*WHAT IS REQUIRED*. A verbatim repeat of the lines below is required, with the pictures removed.

*THE INPUT*.
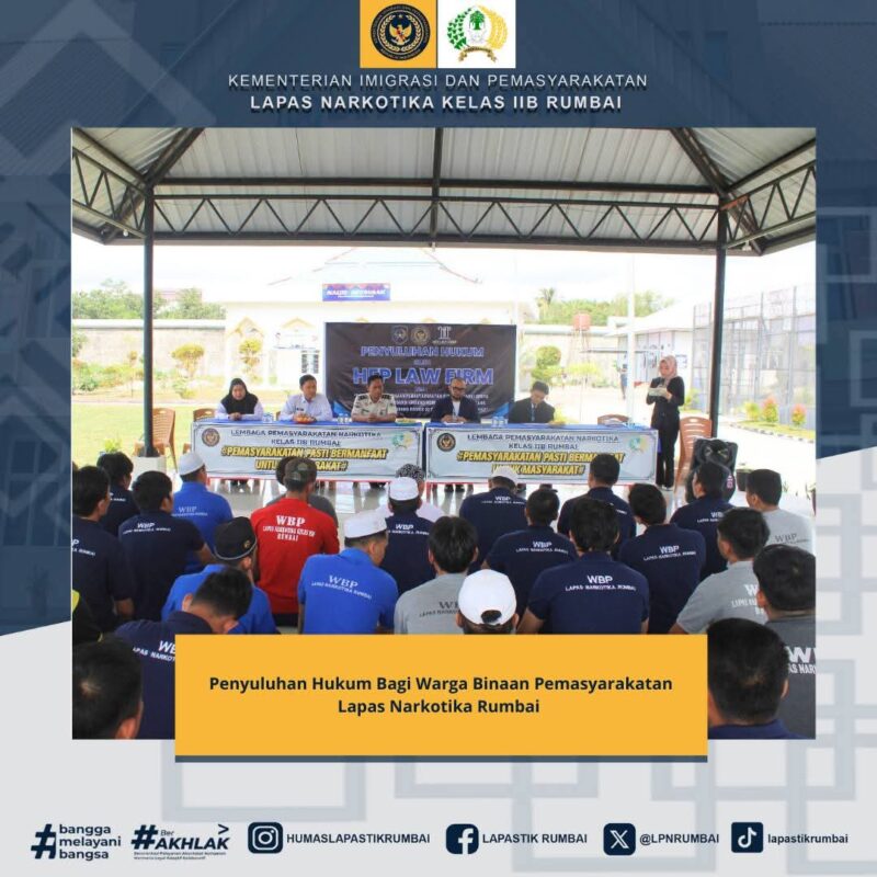 SUARANEWS86.COM || Pekanbaru — Sebagai bentuk wujud pelayanan yang mengutamakan penegakan Hak Asasi Manusia, Lembaga Pemasyarakatan Narkotika Kelas IIB Rumbai bekerja sama dengan HFP Law Firm berikan Penyuluhan Hukum kepada warga binaan Lapas Narkotika Kelas IIB Rumbai, Kamis (5/2/2026).
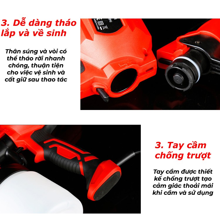 ✔️ Tiết kiệm sơn, dễ vận hành, sử dụng vật liệu nhựa đặc biệt, thân súng cực kỳ nhẹ, dài giúp các hoạt động không phải mệt mỏi.
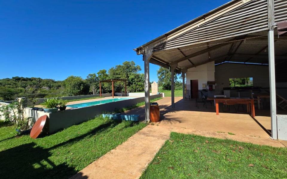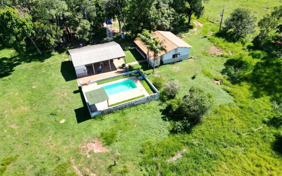 hácara no Centro Oeste, dentro da cidade, área total de 8.756,24 m², área construída de 350,00 m², possui casa de forro, com sala de estar, cozinha com armários, um quarto, um apartamento, varanda, área de serviço, galpão gourmet servindo de salão de festas, com churrasqueira, pia, banheiro, piscina, poço artesiano, quatro tanques de peixe, pomar, canil, curral, excelente chácara dentro da cidade.
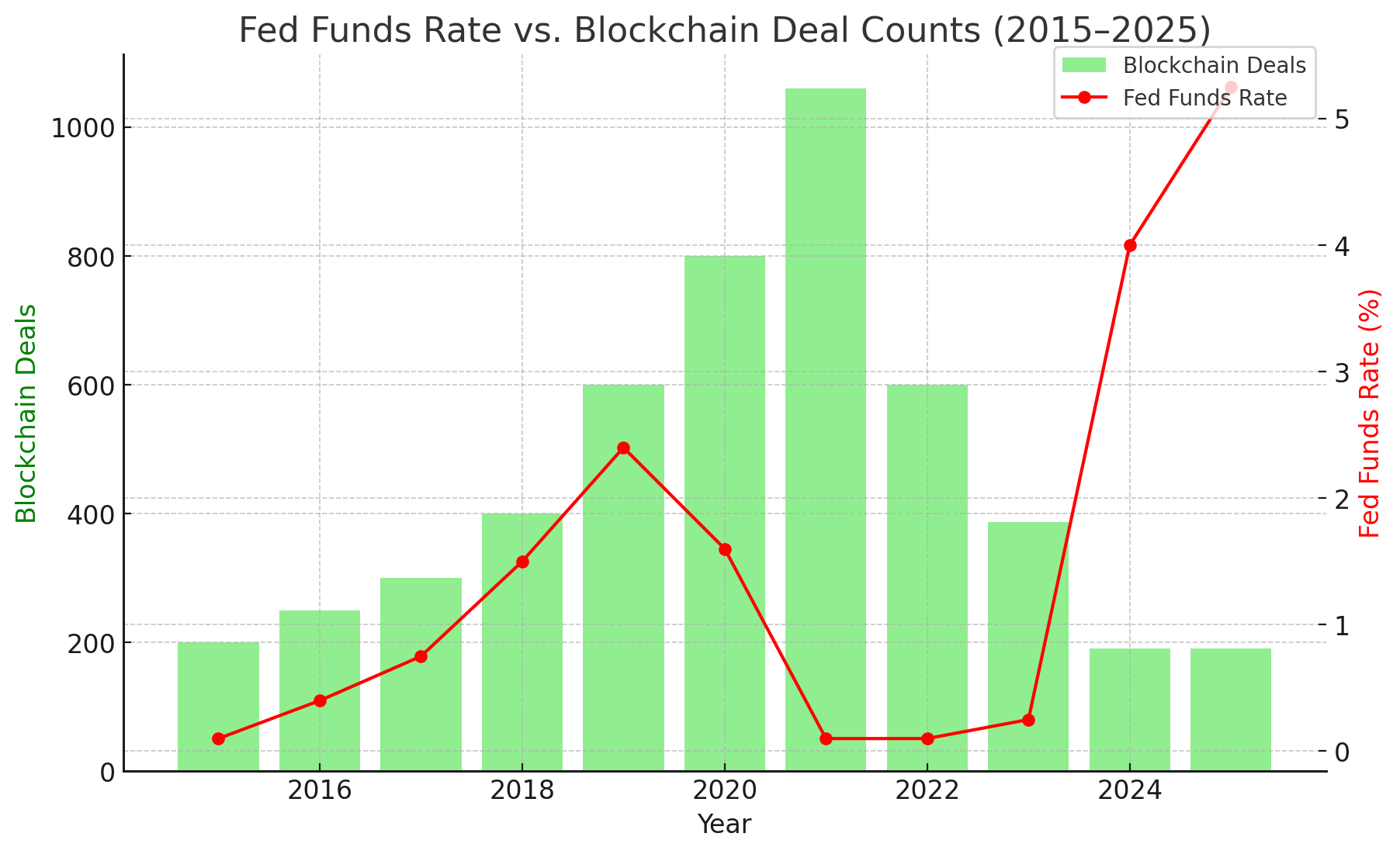 - 2022 to 2023: The Fed raised rates from 0.25 percent to over 5 percent at the fastest pace in decades. Deal counts collapsed. Blockchain fell from 1,060 deals in 2022 to 387 in 2024.
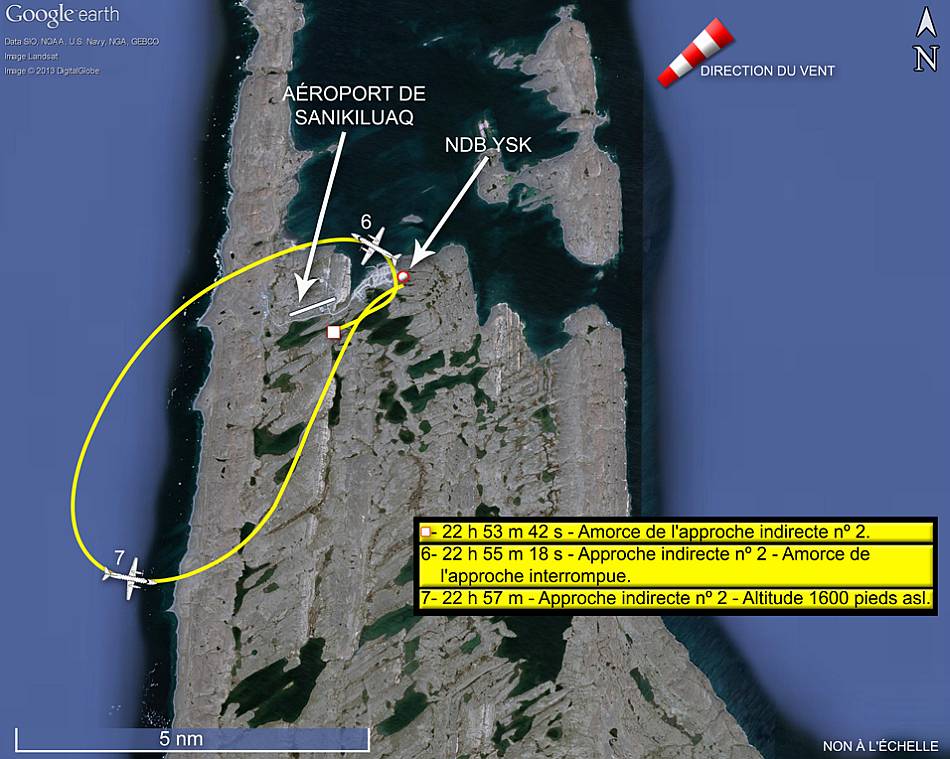 Lorsque l’aéronef s’est trouvé par le travers et au sud de la piste, l’équipage a de nouveau aperçu la piste, mais n’était pas en position pour atterrir sur la piste 09. Au début, l’équipage a amorcé une deuxième manœuvre d’approche indirecte de la piste 09 (annexe B). Durant le virage vers la gauche, l’équipage a de nouveau perdu le contact visuel avec la piste. À 22 h 55 UTC, l’équipage a amorcé une approche interrompue au nord de la piste. Toutefois, il n’a pas suivi la procédure d’approche interrompue publiée (annexe A)Note de bas de page 19. À 2 reprises à intervalle très rapproché durant cette manœuvre, le P/O a annoncé au commandant de bord que la MSA était de 1600 pieds. Le commandant a répondu 1500 pieds, et aucune correction n’a été faite; le P/O n’a pas corrigé cette erreur. L’aéronef a continué son approche indirecte en virage à gauche et sa montée vers le NDB (figure 4).
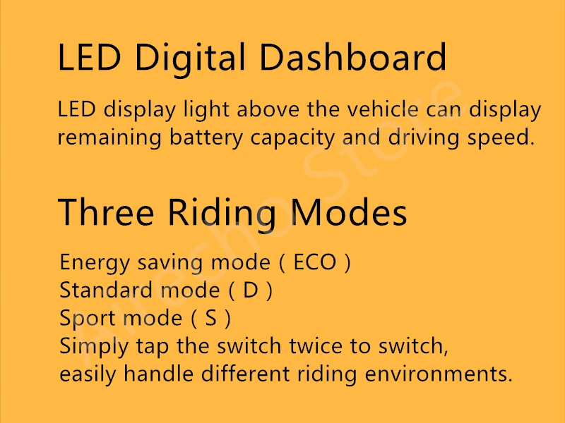 Режимы езды: 3(Eco,Drive,Sport) от транспортного средства; 1 пешеходный режим
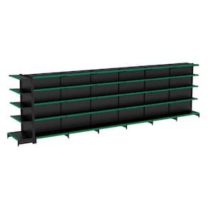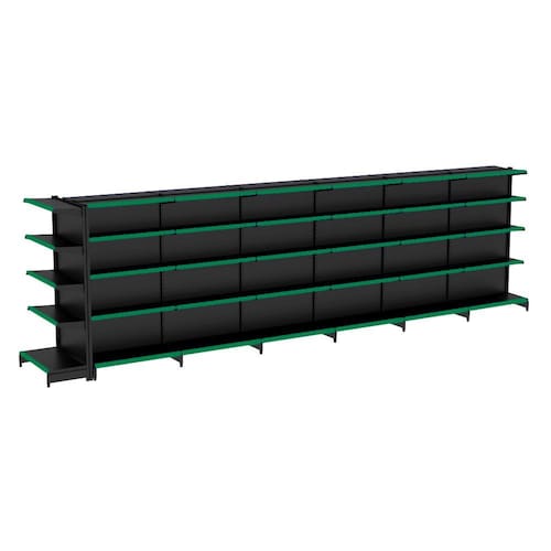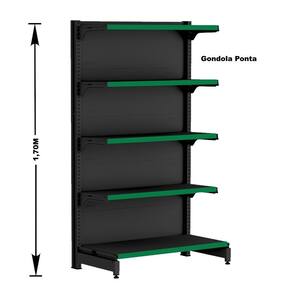 KIT GÔNDOLA CENTRO 170 FIT AMAPÁ 40/30 PRETO PARA VÃO DE ATÉ 6,3 METROS COM UMA PONTA 65 BANDEJAS PORTA ETIQUETA VERDE
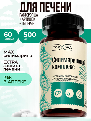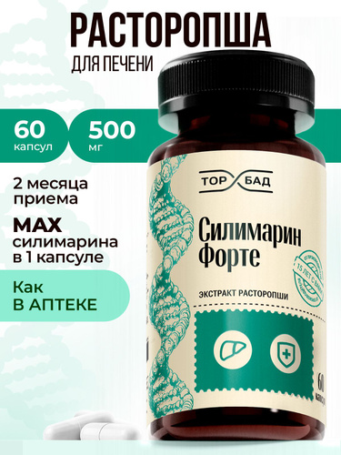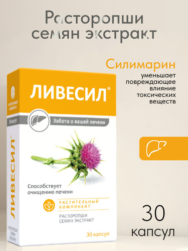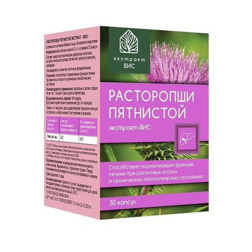 Для печени: Расторопша пятнистая экстракт-ВИС (экстракт плодов расторопши содержит силимарин) 0,4г 30 капсул

*ANSWER TO THE EXERCISE*.
 SUARANEWS86.COM || Pekanbaru — Sebagai bentuk wujud pelayanan yang mengutamakan penegakan Hak Asasi Manusia, Lembaga Pemasyarakatan Narkotika Kelas IIB Rumbai bekerja sama dengan HFP Law Firm berikan Penyuluhan Hukum kepada warga binaan Lapas Narkotika Kelas IIB Rumbai, Kamis (5/2/2026).
 ✔️ Tiết kiệm sơn, dễ vận hành, sử dụng vật liệu nhựa đặc biệt, thân súng cực kỳ nhẹ, dài giúp các hoạt động không phải mệt mỏi.
 hácara no Centro Oeste, dentro da cidade, área total de 8.756,24 m², área construída de 350,00 m², possui casa de forro, com sala de estar, cozinha com armários, um quarto, um apartamento, varanda, área de serviço, galpão gourmet servindo de salão de festas, com churrasqueira, pia, banheiro, piscina, poço artesiano, quatro tanques de peixe, pomar, canil, curral, excelente chácara dentro da cidade.
 - 2022 to 2023: The Fed raised rates from 0.25 percent to over 5 percent at the fastest pace in decades. Deal counts collapsed. Blockchain fell from 1,060 deals in 2022 to 387 in 2024.
 Lorsque l’aéronef s’est trouvé par le travers et au sud de la piste, l’équipage a de nouveau aperçu la piste, mais n’était pas en position pour atterrir sur la piste 09. Au début, l’équipage a amorcé une deuxième manœuvre d’approche indirecte de la piste 09 (annexe B). Durant le virage vers la gauche, l’équipage a de nouveau perdu le contact visuel avec la piste. À 22 h 55 UTC, l’équipage a amorcé une approche interrompue au nord de la piste. Toutefois, il n’a pas suivi la procédure d’approche interrompue publiée (annexe A)Note de bas de page 19. À 2 reprises à intervalle très rapproché durant cette manœuvre, le P/O a annoncé au commandant de bord que la MSA était de 1600 pieds. Le commandant a répondu 1500 pieds, et aucune correction n’a été faite; le P/O n’a pas corrigé cette erreur. L’aéronef a continué son approche indirecte en virage à gauche et sa montée vers le NDB (figure 4).
 Режимы езды: 3(Eco,Drive,Sport) от транспортного средства; 1 пешеходный режим
 KIT GÔNDOLA CENTRO 170 FIT AMAPÁ 40/30 PRETO PARA VÃO DE ATÉ 6,3 METROS COM UMA PONTA 65 BANDEJAS PORTA ETIQUETA VERDE
 Для печени: Расторопша пятнистая экстракт-ВИС (экстракт плодов расторопши содержит силимарин) 0,4г 30 капсул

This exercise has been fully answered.